The Chief Oncologist met with me to warn me about the side effects of today’s chemo and…(Get ready for this, prayer warriors-good news!—>) to tell me that the oncology team was very happy with her blood results so far and even though she will definitely need a platelet transfusion tomorrow, they think the chemo is doing its job, and doing it well! I think highly of this Oncologist but K wanted him nowhere near her and screamed in horror when he used his stethoscope on her. (Won’t have to teach this girl about ‘stranger danger!’)
K took a long nap while she and I were alone. Once she woke up (from getting her vitals taken) we played for a bit, then took a long walk to welcome daddy home from work. I left the hospital (what? Yeah I did~) to pick up dinner a mile away. So, walking into the lobby with my hands full with dinner, I can hear my child squeal with laughter (first of all, where is she? Second of all didn’t she have 3 chemo treatments today, and I’m hearing laughter?! ) That’s all due to prayers people! Chris called my name near the gift shop and apparently they had discovered a giant Elmo doll for sale! “Emmo Momma! Emmo!” I love that girl!
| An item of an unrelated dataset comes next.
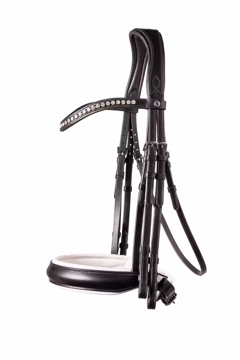 TRUST Wellington dubbelträns är i en klass för sig. Detta eleganta träns har en vacker finish och passform. TRUST Wellington har ett anatomiskt pannband förstärkt med nylon för att förhindra att det sträcker sig. Nosgrimsstoppningen sträcker sig utanför nosgrimman så att spännena aldrig rör vid hästens huvud. Pannbandet har Stellux™-stenar av finaste kvalitet som ger ett elegant utseende. Stenarna är djupt liggande så att de inte faller ut. Huvudstycket är anatomiskt format och avskuret för att ge mer frihet vid öronen. Vadderingen är mjuk men inte för tjock så att direktkontakt med hästen bibehålls. TRUST Wellington är ett måste för alla dressyrryttare! TRUST Wellington är tillverkad av europeiskt fullnarvsläder av högsta kvalitet, som är slätt och smidigt och blir ännu bättre med tiden. Tack vare sin överlägsna kvalitet är TRUST Wellington byggd för att hålla. Alla aspekter av designen tar hänsyn till den moderna hästens anatomi. Dessa funktioner säkerställer att TRUST Wellington erbjuder en perfekt passform. • TRUST Wellington har en subtil TRUST-logotyp på huvudstycket och pannbandet. • TRUST Wellington är förpackad i två unika handdukar. • TRUST Wellington finns i svart med silverspännen eller med en vit vadderad nosgrimma. • Alla spännen är nickelpläterade i mässing för att förhindra rost.

We walked back to the room and ate dinner (she ate a cracker…didn’t want anything else but her milk. (C’mon sweet baby, eat.) I don’t want to mislead anyone either, there were large portions of the day that she moaned and whined…all the more reason for me to cuddle her! :>
So we got her in her jammies and did story time but she wanted to play. Finally, at 9:30 (!) her little eyes fluttered closed and I silently prayed over her for God to heal her, because He will! I think this girl is only at the beginning of amazing everyone, and due to prayer she will overcome this cancer battle! She is a strong fighter, and is already showing us that she will not allow “this chemo stuff “to stifle her laughter!
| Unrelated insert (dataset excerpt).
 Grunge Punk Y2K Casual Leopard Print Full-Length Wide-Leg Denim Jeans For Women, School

I thought of a different closing paragraph for this blog, but instead am feeling I need to encourage everyone to listen to ‘Who shall I fear’ by Chris Tomlin to find out where I am at today. This is a song I listen to at full volume when K isn’t in the car with me. Find the version on YouTube with the lyrics. Love.
Thank you to all the people praying, and we ask you to keep praying! I’ve always said there is no such thing as too many prayers!